Research vs. Development: Where is the Moat in AI?
As I delve into the world of AI, I’m reminded of the mythological creature, the Chimera - a being with two distinct heads on one body. This duality is reminiscent of the Research and Development (R&D) departments in AI companies. Researchers, with their strong academic backgrounds, focus on publishing papers, applying for patents, and working on ideas that may take years to come to fruition. They deliver long-term value by asking tough questions and finding innovative answers.
On the other hand, developers are valued for their practical skills and problem-solving abilities. They work in rapid cycles, focused on producing clear and measurable results. While some critics argue that development teams simply package and repackage products, it’s the nuts and bolts of a product that drives adoption.
If R&D were a basketball team, the players would come from the development department. The research team would spend their time asking whether they can alter the rules of the game and whether basketball is even the best game for them to play.

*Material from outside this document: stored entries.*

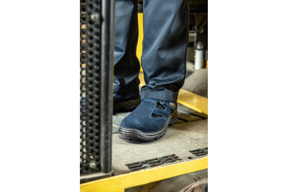 Высококачественные мужские защитные сандалии соответствуют классу безопасности S1P, изготовленные согласно нормам ISO 20345:2011. Изготовлены из замшевой кожи, что способствует комфорту и удобству. Обувь оснащена стальным подноском, который защищает пальцы ног от падающих предметов. Стальная стелька в подошве позволяет работать на поверхности с выступающими острыми предметами. Благодаря противоскользящей подошве сандалии идеально подходят для ходьбы по неровным и скользким поверхностям.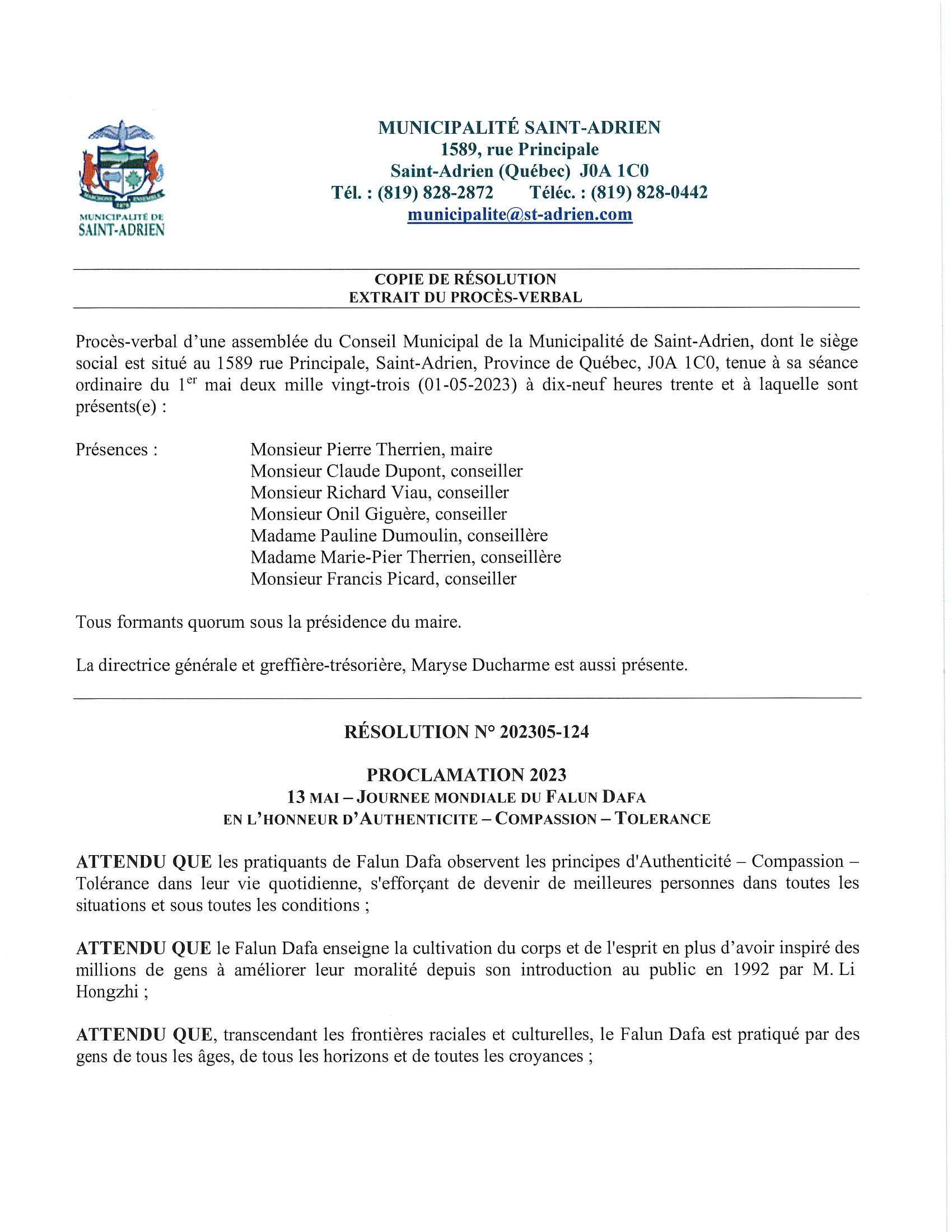 【明慧网二零二三年五月二十七日】二零二三年五月十三日是世界法轮大法日,也是法轮大法弘传世界三十一周年。加拿大魁北克省圣-阿德里安(Saint-Adrien)市议会和加蒂诺市议员布朗丹发褒奖函和贺信,恭贺法轮大法日,以表彰法轮大法真、善、忍原则给社会带来福祉。 |  | | 图1~2:圣-阿德里安(Saint-Adrien)市议会的褒奖令。 |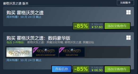 备受好评的开放世界大作《 霍格沃茨之遗 》在Steam商店迎来新史低促销,原价384元,现1.5折仅需57.6元;豪华版原价446元,现66.9元。优惠活动截止到10月24日,感兴趣的玩家记得抓紧时间购买。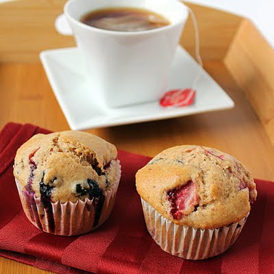 Reduced Fat Blueberry-Strawberry Muffins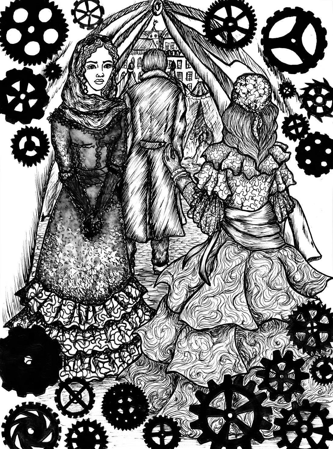 Сюрреалистичная и символическая картинка от Елены Шилиной. Тут есть шестеренки, маячок, рельсы и птичье перышко (может и механическое). И много скрытых смыслов. И достаточно ящитаю))

The future of coding is here
The shift in AI barriers and value drivers is evident. Even as large companies focus on hiring AI researchers, the rules of the game are changing. The core assets of these companies - enormous lumps of code that took decades to replicate - can now be built in a fraction of the time and cost, thanks to AI-powered auto coding.
The future of AI-powered products
The key to success in AI has moved from groundbreaking research to building practical applications. While research paves the way for future advancements, development translates those ideas into value. The new AI moat lies in exceptional AI-powered products, not in groundbreaking research. Companies that excel in building user-friendly tools, infrastructure for smooth AI integration, and entirely new LLM-powered products will be the future winners.
The future of AI is bright
As the focus shifts from defining the game’s rules to mastering them, the race is on to develop the most impactful applications of AI. The winners will be those who can build practical, user-friendly products that drive adoption and deliver value.